Also, since Go is self-compiled, does that mean we'll have to wait until 1.7.1 for the speed improvements to hit the compiler? :-P

I've seen the numbers ~10% slower floating around.
[citation needed]
It's in the mail?!

"Tip compiler (with SSA internal checks off) is about 7% slower than go1.6 to compile net/http (go test -a -c -gcflags=-d=ssa/check/off net/http)"

Well the actual article says 7% slower when compiling the http package.
I'm sure, you can also self-compile the tip. Would be really interesting if this was done for benchmarks.
The linked post gives an estimation :

> "Tip compiler (with SSA internal checks off) is about 7% slower than go1.6 to compile net/http (go test -a -c -gcflags=-d=ssa/check/off net/http)"

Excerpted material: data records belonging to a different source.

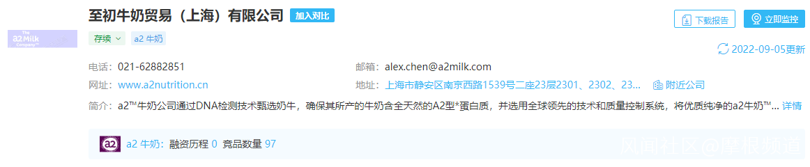 與主流外資品牌所涉及的常規牛奶或奶粉不同,根據天眼查App顯示,a2牛奶旗下產品主打的是含有比常規A1蛋白質更自然親和、更易吸收的A2蛋白質,高端特色奶是a2牛奶的核心競爭力。
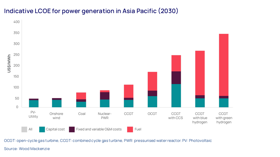 In the key growth markets of Asia, affordability is LNG’s biggest weakness. As this chart shows, LNG is expected to remain among the highest-cost options for Asian power generators: often more expensive than renewables, coal and even nuclear power.
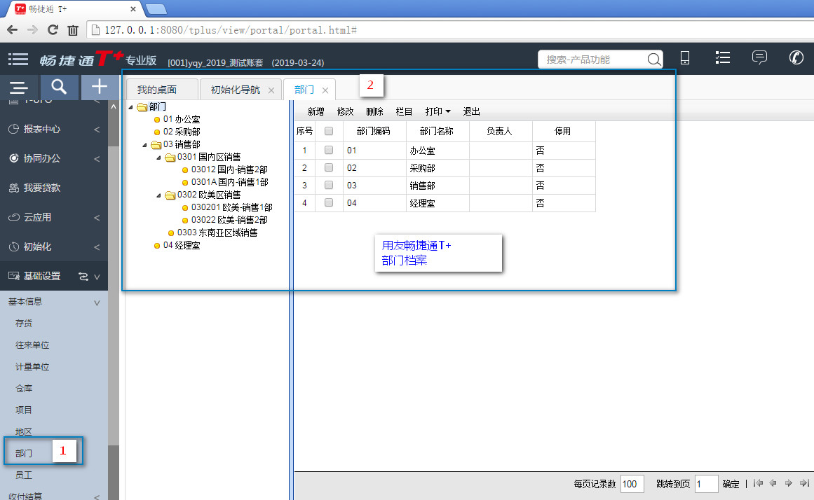 用友畅捷通t+---部门档案
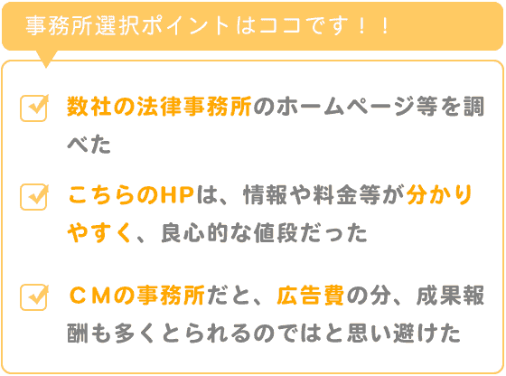テレビやラジオCMでよく耳にするような事務所だと、広告費をかけている分、成果報酬も多くとられるのではないかと思って、そちらは避けていました。
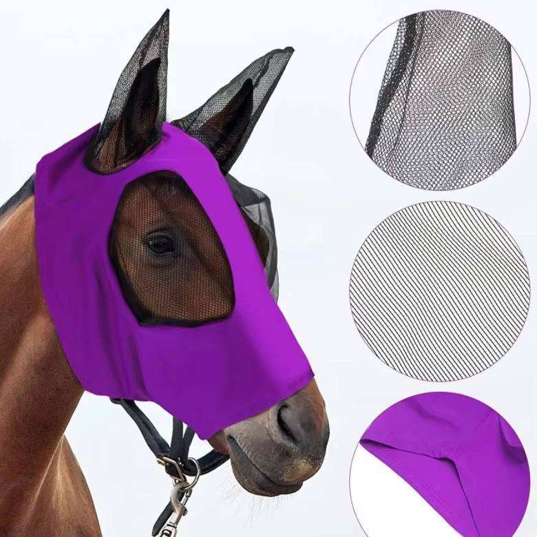Mots-clés:Masque anti-mouches pour cheval en maille respirante avec protection des oreilles
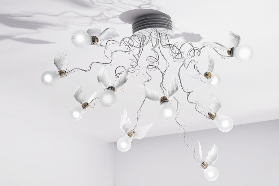 E magari, perché no, in voli di coppia e non più soli, come suggerisce Lucellino Doppio, versione con due lampadine della prima iconica lampada. Così tutte queste delicate ed eleganti lampadine piumate continuano a volare sui muri, illuminando libere e senza ostacoli le case di chi ha la fortuna di ospitarne qualcuno.
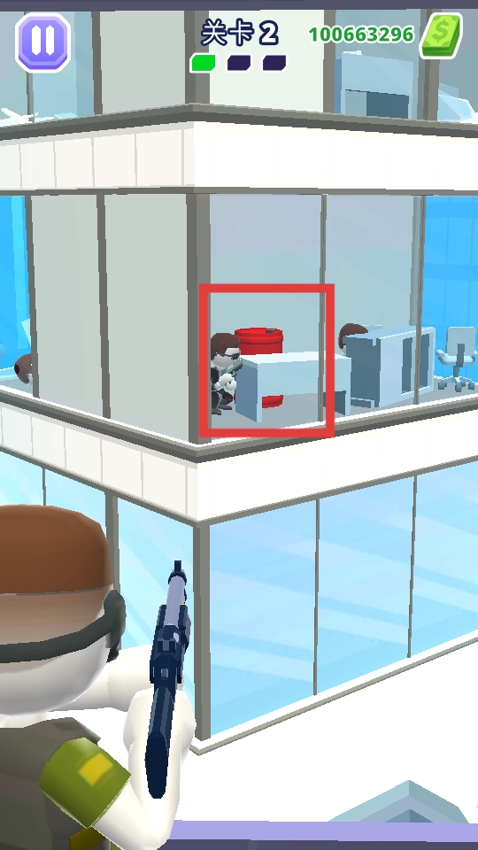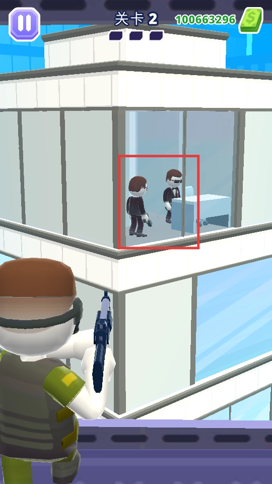2、对准建筑里的敌人,开枪消灭目标,留意敌人的分布情况。

... though we may wonder wether the mesured compiler itself was compiled with or without SSA (with 7% being in the ballpark of the expected SSA gains).

The compiler always compiles itself as part of the bootstrap process. The final compiler is built with itself and thus uses its own SSA code generation.
No worries, it will never reach the C and C++ build times which are often measured in minutes and hours.
Compile time is an issue of C++ but not of C.
Yep. A while ago I found myself needing to recompile the Linux kernel for Android, and I was amazed at how fast the build was (I think I last built a kernel in the 90s). It took a lot less time than it takes Android to start up!
I used to work in a project around 2000 that would take 1h build time per architecture/OS combination.

Doing a full build across HP-UX, Aix, Solaris, Red-Hat Linux and Windows for 32 and 64 bits took almost a full day.

EDIT: It was a mix of C and TCL

> Also, since Go is self-compiled, does that mean we'll have to wait until 1.7.1 for the speed improvements to hit the compiler? :-P

No. The compiler compiles itself during the bootstrap phase.

Does the old compiler compile the new compiler after which the new compiler can compile itself? Bootstrapping is incredible.
> one of my favorite parts of Go is the quick build times

One of my favourite parts of Go was the quick build times. It used to feel like 'go build' was as fast as 'python'; sadly, that's no longer the case.

Despite the attractive nuisance of "go build", if you're in a fast save-compile-test cycle, you really want "go install". Both do pretty much the same thing (ignoring where the result goes), but install keeps the intermediate package compilations around and does the minimum, whereas build seems to discard them. Put "-v" on both of them and you can see the differences.
I think go build -i does the same without putting the result in the bin dir.
I think this is only true if you're building outside your GOPATH. In my case, build -v, build -v -i, and install all have very similar compile times and only show an edited file being compiled when executed from inside my GOPATH.

Each of those averaged 3.5s in my codebase, for example, on a freshly changed file. go install's second run is 250ms, but I assume that's because it knows the file hasn't changed.

go build -a shows roughly 60 packages and takes 16s, so I would notice if build or install were accidentally recompiling all of them.

Yeah, it got about twice as slow going 1.4 => 1.5, which makes it just slow enough to be annoying.

(It's still much faster than something like C++ though, and feels about the same to me as the (snappy) Objective-C.)

On the flip side, large programs have gone from multi-second GC pauses to unnoticeable. :) I too miss those fast compile times, though.
Can anyone say why the Mandelbrot benchmark, out of all of them, was slower with SSA? Any chance it was just a fluke?
The inner loop went from 15 instructions to 16 because the register optimiser is not finished yet.
Thanks. That's what I asked on the list, but HN was faster :)
I just posted some results there on our own codebase.

Server load time dropped from 25.5s or so to 22.2s; a really nice win on a large and varied codebase for these improvements. I can't imagine not wanting them.